Possible bug in block.splsda + various questions

Dear mixOmics community

The latest month I’v been working on data integration of several metabolomics/lipidomics datasets with microbiome (16S) data. Lately I encoutered this strange behaviour of the block.splsda function. When I create a model using this list.keepX object:
[1] 17 6

[1] 14 5

[1] 20 12

[1] 6 5

The list indicates my otu (microbiome) dataset should have 6 & 5 variables for comp 1 & 2 respectivly in the model.
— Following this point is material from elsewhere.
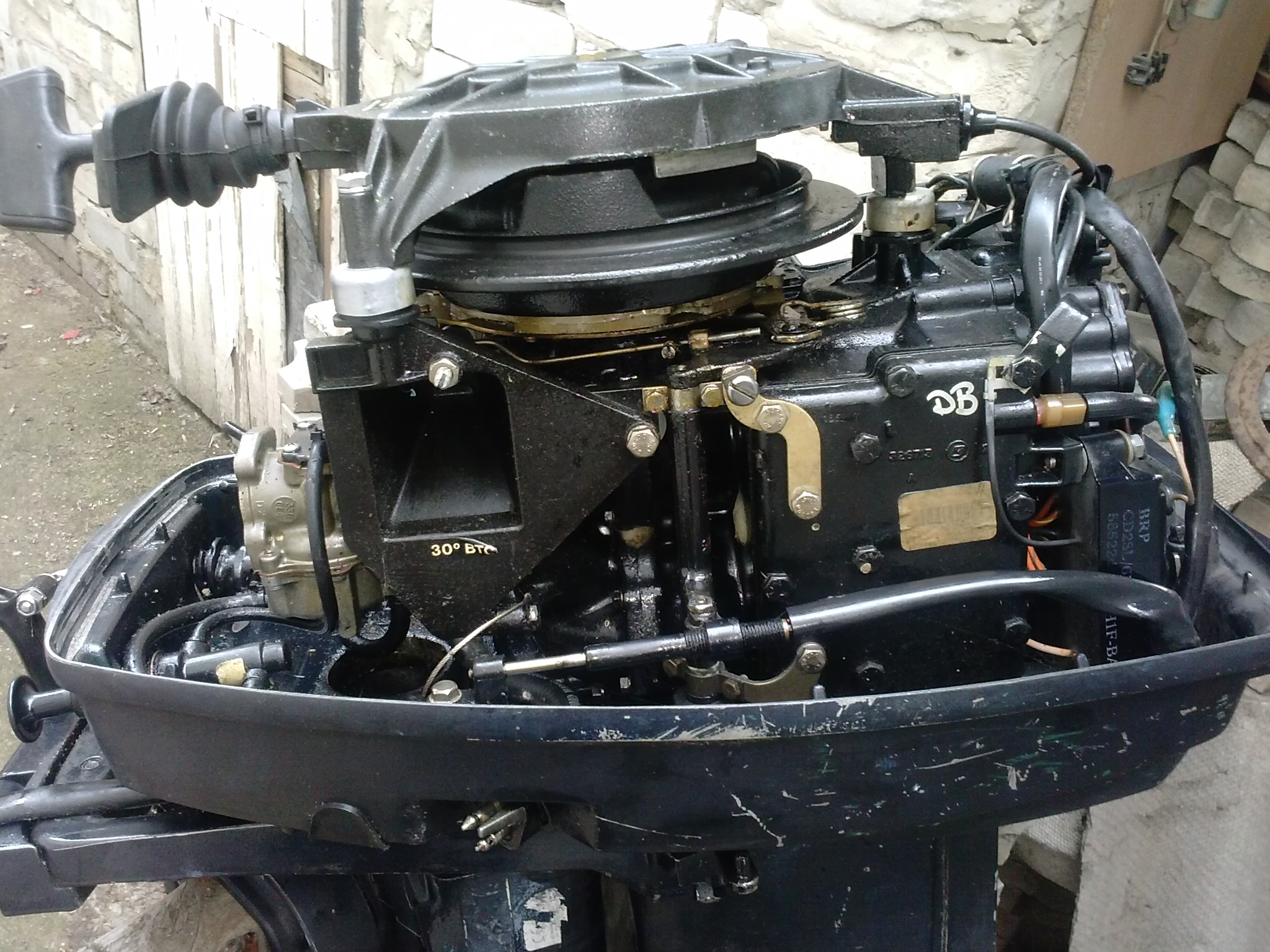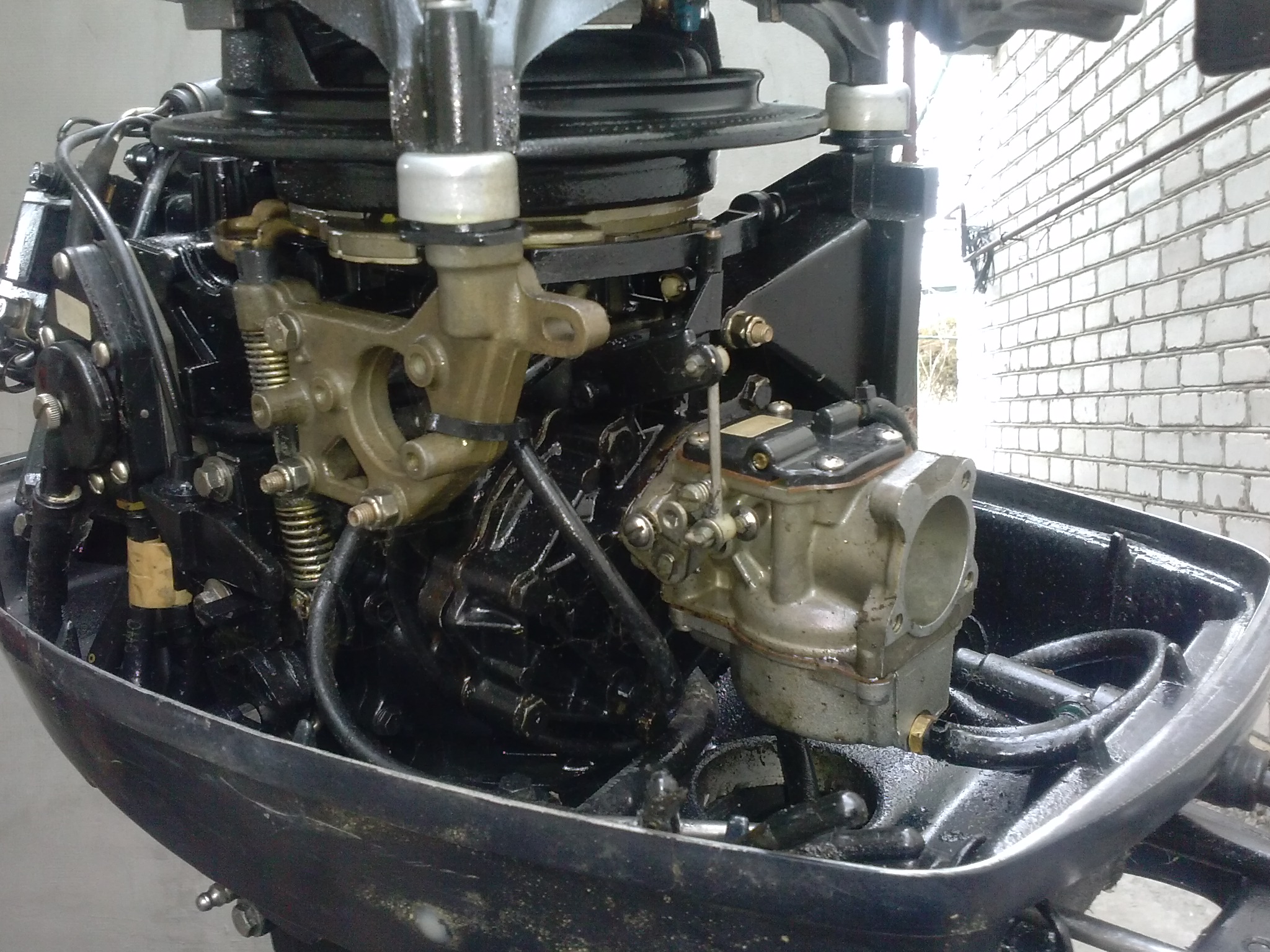 У меня Эвинруд 30. На фотке, его видно. Чихает иногда и мой, когда холодный, а подсос не вытянут. Если на холостом глохнет, я бы свечи глянул для начала. Потом уже карбюратор. В зажигании, там может глюкнуть механизм момента опережения; есть там одна втулочка. Думаю, это не то. Надо понять: если газ дать, нормально работает? Не троит?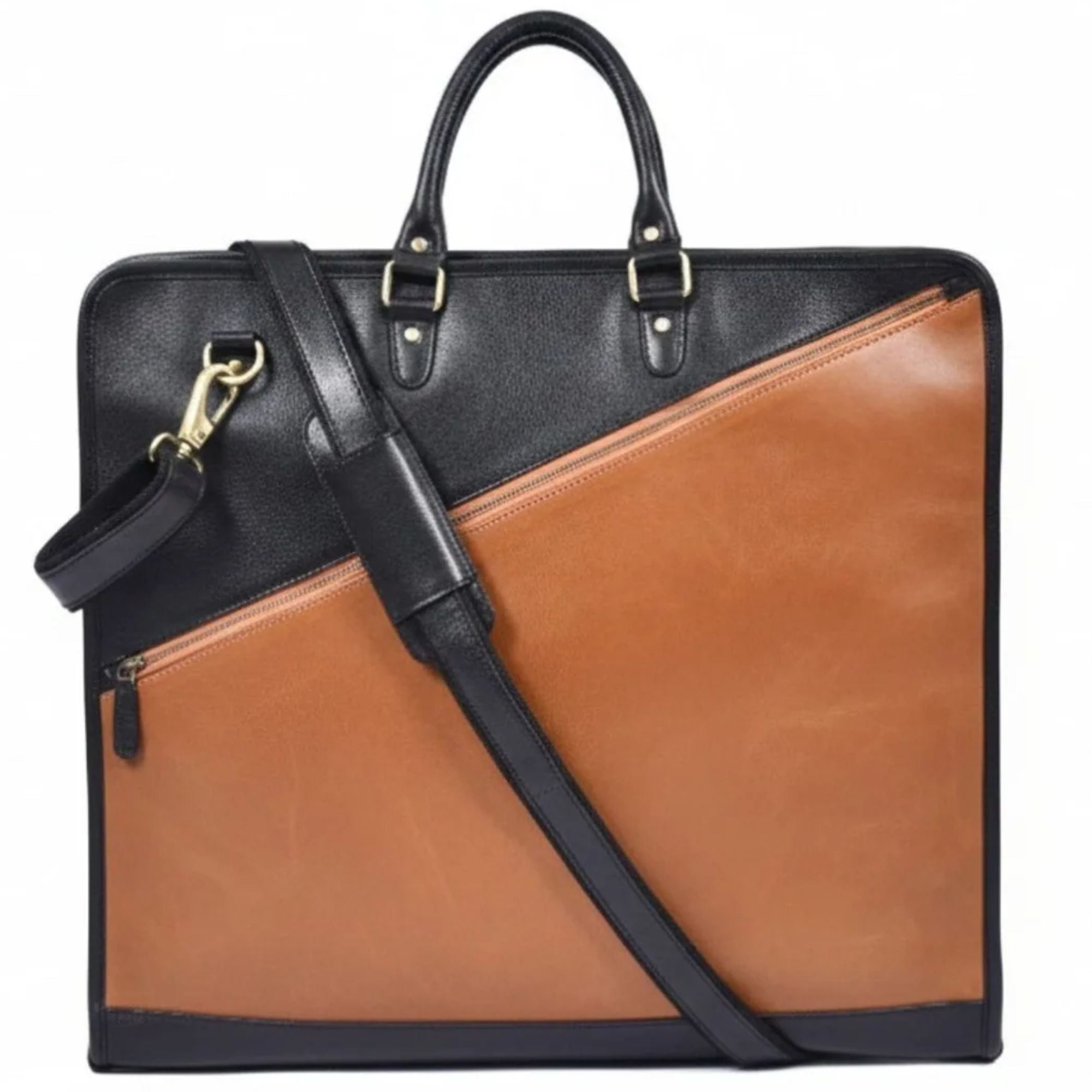 Tan & Black Leather Garment Bag

However, when looking at the resulting model we can see that there are 51 & 5 variables for the otu dataset! In another try, with the same input, it resulted in 52 & 6 variables!

Any idea on why this might be the case, or what is happening here?

While I’m at it, I have some other (not as important) questions:

  1. For all my datasets, both in multi omic & single omic analyses, the optimal number of components is always = 1. Is this erratic behaviour, or should this be no problem? For visualization purposes I always construct models with ncomp = 2. Also the error rate of my models stays high, even after tuning, so I guess my data is not suited for prediction, but can be used for pathway analysis / search for biologically relevant correlations?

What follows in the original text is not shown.